** Problem **
Copy out exactly the stretch of the listing below that begins at the line containing "商品名:SANPIMA 単3形リチウム充電池8本 1.5V" and ends at the line containing "2025年1月23日下午,河", and copy nothing outside it.

** Data supplied **
--- START ---

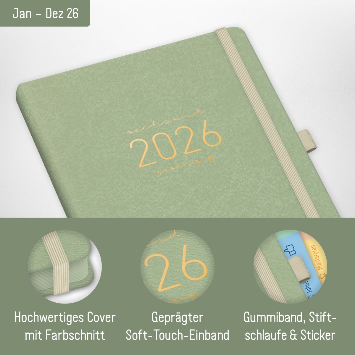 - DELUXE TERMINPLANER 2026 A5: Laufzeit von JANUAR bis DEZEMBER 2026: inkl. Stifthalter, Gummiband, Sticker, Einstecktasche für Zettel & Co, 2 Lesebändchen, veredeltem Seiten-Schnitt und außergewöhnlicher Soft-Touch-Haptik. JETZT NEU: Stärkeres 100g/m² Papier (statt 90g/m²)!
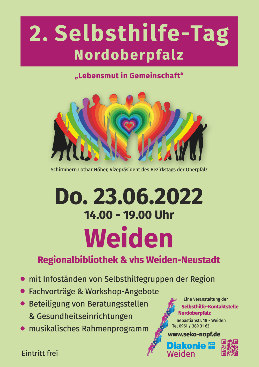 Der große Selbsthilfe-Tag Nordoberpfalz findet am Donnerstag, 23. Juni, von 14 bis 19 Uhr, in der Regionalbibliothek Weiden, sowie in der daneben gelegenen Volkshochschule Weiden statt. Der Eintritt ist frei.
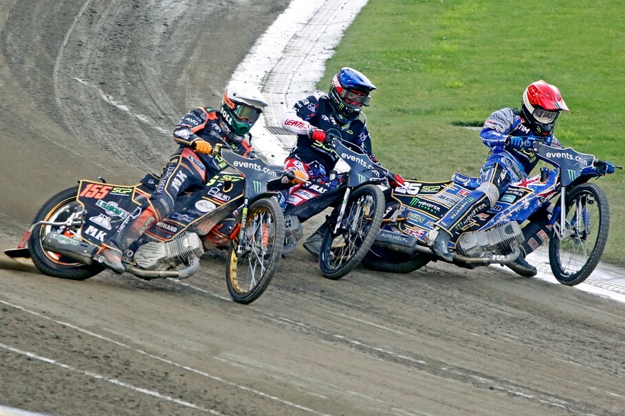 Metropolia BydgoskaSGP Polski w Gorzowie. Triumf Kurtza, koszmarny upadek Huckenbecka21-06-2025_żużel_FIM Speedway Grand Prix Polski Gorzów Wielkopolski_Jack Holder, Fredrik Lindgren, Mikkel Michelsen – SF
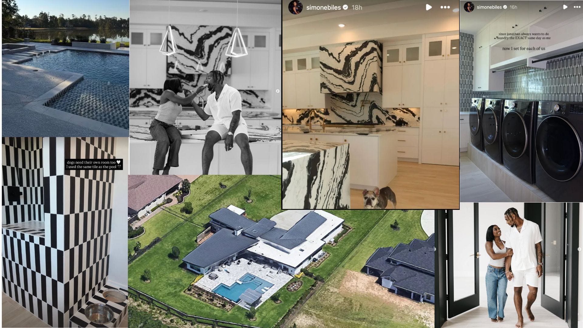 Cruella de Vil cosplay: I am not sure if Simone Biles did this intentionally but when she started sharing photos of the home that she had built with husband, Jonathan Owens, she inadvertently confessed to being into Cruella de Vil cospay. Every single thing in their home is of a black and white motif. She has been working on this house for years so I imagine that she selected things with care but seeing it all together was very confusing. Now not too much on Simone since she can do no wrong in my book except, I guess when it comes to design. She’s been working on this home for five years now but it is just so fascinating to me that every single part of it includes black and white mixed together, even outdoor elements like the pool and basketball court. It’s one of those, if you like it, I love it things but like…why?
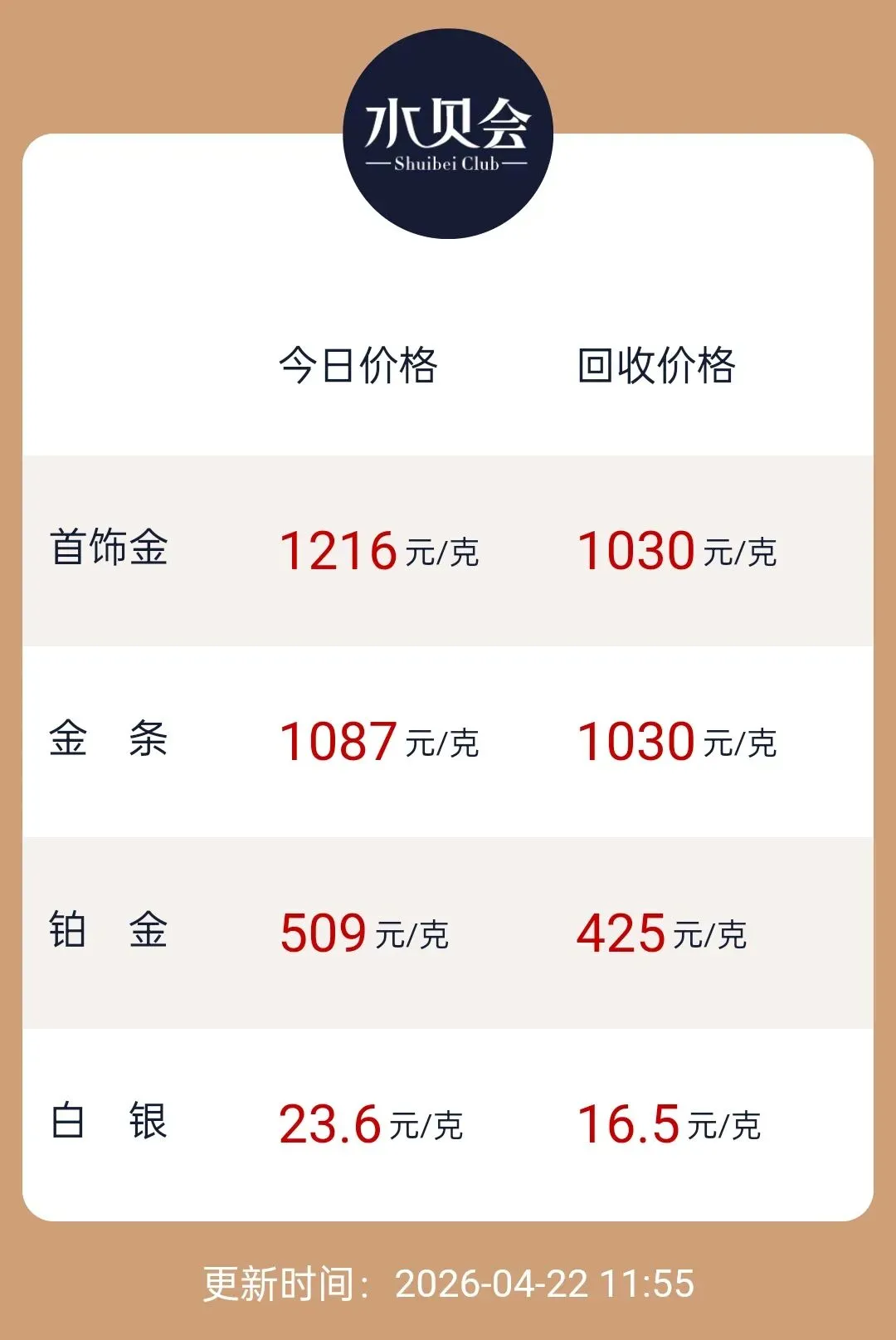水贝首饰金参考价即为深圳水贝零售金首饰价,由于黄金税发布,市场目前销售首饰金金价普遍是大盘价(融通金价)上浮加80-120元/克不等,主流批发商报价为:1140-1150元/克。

--- END ---
--- START ---

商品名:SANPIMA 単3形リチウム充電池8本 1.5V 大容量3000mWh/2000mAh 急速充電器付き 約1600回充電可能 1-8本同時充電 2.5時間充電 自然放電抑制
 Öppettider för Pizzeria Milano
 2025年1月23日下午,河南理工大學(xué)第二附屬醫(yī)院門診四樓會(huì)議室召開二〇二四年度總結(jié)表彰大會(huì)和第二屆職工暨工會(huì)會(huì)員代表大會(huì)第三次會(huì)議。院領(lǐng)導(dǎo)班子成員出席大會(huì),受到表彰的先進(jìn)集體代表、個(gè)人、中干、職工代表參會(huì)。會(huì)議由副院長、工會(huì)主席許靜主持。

--- END ---
--- START ---

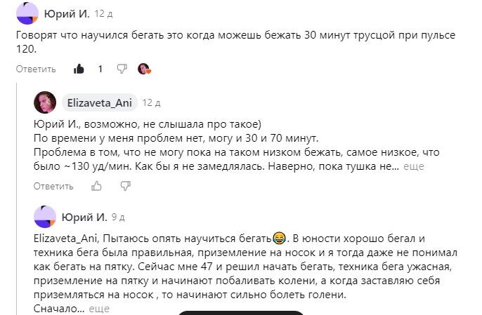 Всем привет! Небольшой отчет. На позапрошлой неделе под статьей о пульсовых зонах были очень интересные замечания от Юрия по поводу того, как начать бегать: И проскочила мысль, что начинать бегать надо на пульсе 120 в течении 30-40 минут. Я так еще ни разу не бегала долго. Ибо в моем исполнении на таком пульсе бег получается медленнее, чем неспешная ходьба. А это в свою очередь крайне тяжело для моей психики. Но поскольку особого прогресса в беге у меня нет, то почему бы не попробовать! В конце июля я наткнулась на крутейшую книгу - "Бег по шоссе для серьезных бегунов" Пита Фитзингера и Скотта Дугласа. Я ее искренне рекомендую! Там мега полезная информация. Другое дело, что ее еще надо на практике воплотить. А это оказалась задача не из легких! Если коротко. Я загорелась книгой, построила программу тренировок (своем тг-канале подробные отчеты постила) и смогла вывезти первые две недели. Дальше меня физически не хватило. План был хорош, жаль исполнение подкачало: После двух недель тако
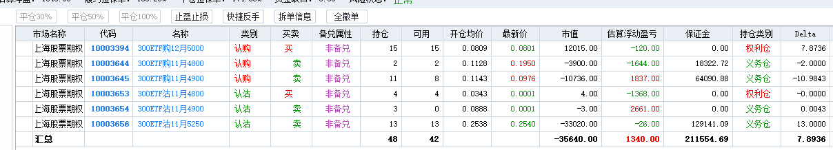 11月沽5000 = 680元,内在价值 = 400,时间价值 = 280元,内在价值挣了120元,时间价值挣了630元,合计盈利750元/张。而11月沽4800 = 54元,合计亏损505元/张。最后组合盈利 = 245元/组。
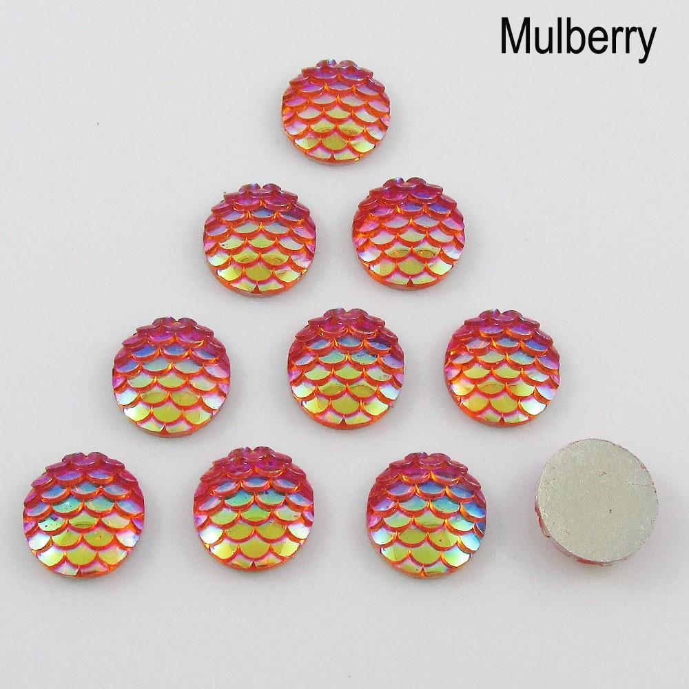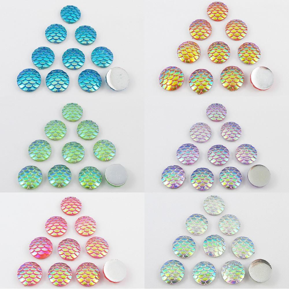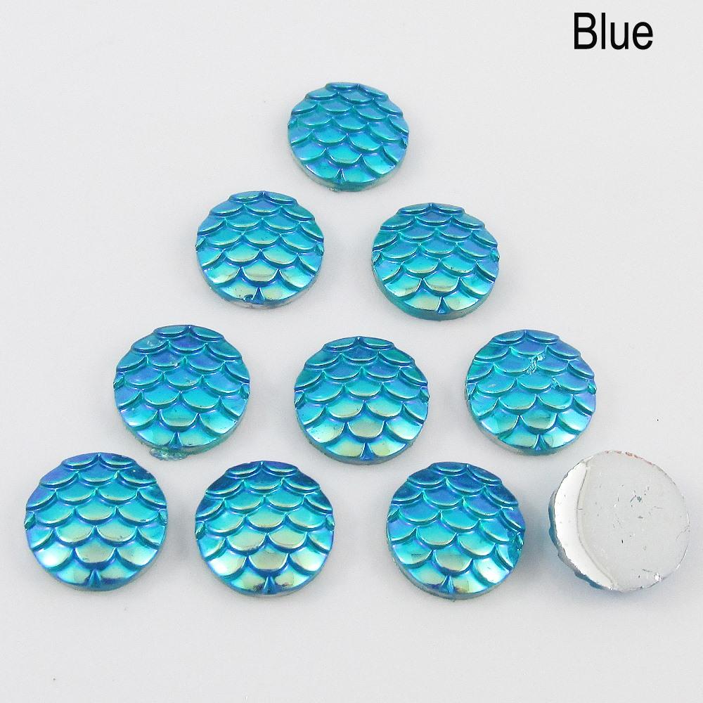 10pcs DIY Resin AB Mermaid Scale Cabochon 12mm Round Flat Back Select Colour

--- END ---

** Result of this task **
商品名:SANPIMA 単3形リチウム充電池8本 1.5V 大容量3000mWh/2000mAh 急速充電器付き 約1600回充電可能 1-8本同時充電 2.5時間充電 自然放電抑制
 Öppettider för Pizzeria Milano
 2025年1月23日下午,河南理工大學(xué)第二附屬醫(yī)院門診四樓會(huì)議室召開二〇二四年度總結(jié)表彰大會(huì)和第二屆職工暨工會(huì)會(huì)員代表大會(huì)第三次會(huì)議。院領(lǐng)導(dǎo)班子成員出席大會(huì),受到表彰的先進(jìn)集體代表、個(gè)人、中干、職工代表參會(huì)。會(huì)議由副院長、工會(huì)主席許靜主持。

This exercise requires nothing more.